The last time he was officially returned to Mexico, he said, was on Dec. 5, 2012, when he was traveling by his own choice to Guerrero. He was taking a bus from Tucson to Hermosillo, where he planned to take an airplane to Mexico City. At the border, U.S. officials made a point of stopping him, questioning him and processing him out, even though he was going home of his own free will, he said.

His attempt to live back home in Guerrero didn’t go well, he said. Not long after arriving back in Guerrero in late 2012, he recounted, the local mafiosos kidnapped him, and when he didn’t have enough money, they demanded he go to work selling drugs. So he gave up and fled north again, back across the border to Tucson.

“They don’t just shoot you. They torture you to death,” he explained, his eyes welling up. “I decided I’d rather die in the desert than have them torture me in Guerrero.”

• • •

The Pima County jail hasn’t freed anyone with an ICE detainer in 2016 or 2017, Napier told me. That’s because ICE agents or its security contractors from the G4S company — formerly Wackenhut — always make it to the jail in time.

But what if they don’t? Why would Napier release people who are in the country illegally and accused of a crime? He says his hands are tied by case law.

“An ICE detainer does not constitute a legal basis to detain somebody,” he said.

When I asked the Pima County Attorney’s Office for its legal reasoning, Tom Weaver, the chief civil deputy, pointed to a list of court decisions from Rhode Island, Pennsylvania, Oregon and Illinois stating that an ICE detainer and an administrative warrant are not sufficient reason for a local jail to hold somebody.

“As you can see, there have been a number of cases around the country in recent years which have raised doubts about the validity of these holds,” Weaver said in an email. “As a result, many jurisdictions do not honor the holds and release people when the conditions under which they are otherwise being held (e.g. bond, etc.) are satisfied.”

But that legal position is not universally held.

Pinal County Sheriff Mark Lamb told me his jail will hold inmates who have an ICE detainer past the point when they’re ready to be released, if necessary. But it’s never necessary to wait anywhere near 48 hours, since the ICE office is just down the street from the Pinal County jail.

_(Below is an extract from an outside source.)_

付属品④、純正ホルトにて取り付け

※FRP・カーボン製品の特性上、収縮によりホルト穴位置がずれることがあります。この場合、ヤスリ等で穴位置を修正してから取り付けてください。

“That’s what the people of Pinal County expect,” Lamb said. “They’re not looking for me to put criminals back in the community.”

• • •

Under a Jan. 30 executive order issued by Trump, ICE began in March publishing regular lists of which counties and cities have released inmates despite an existing ICE detainer.

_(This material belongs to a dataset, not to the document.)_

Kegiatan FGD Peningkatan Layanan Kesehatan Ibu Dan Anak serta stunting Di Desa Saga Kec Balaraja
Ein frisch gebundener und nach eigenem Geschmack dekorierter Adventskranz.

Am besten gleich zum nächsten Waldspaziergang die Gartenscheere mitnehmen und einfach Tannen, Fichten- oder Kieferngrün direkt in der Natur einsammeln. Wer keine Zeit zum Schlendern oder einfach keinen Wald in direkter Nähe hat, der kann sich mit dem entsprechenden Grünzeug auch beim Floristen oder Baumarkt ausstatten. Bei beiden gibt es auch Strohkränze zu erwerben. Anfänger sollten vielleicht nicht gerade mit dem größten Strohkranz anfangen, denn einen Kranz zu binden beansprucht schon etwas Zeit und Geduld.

That’s what has angered Napier and some other sheriffs. The federal government is shaming them for something that, in their view, they are not legally permitted to do — holding people after their release has been ordered.

The most recent publication lists jails in New Mexico, California, New York, Oregon, Minnesota, Ohio, Pennsylvania, and Texas as having released people whom ICE had requested be held. None in Arizona have been listed.

Here, thanks in large part to the state’s robust immigration enforcement infrastructure, they are able to pick up inmates like Alvarez Nava, whose girlfriend’s daughter covered his $250 bond. The likelihood is, now that he’s in federal custody, he’ll be deported again.

But just as likely: He’ll scratch his way back again. His girlfriend is here, and for him, Mexico holds only fear.

In Mexico, he worried aloud, the mafias are linked, from state to state, ocean to ocean.

“They talk with each other,” he said. “That’s why I’m afraid to return to Nogales, or to any part of Mexico.”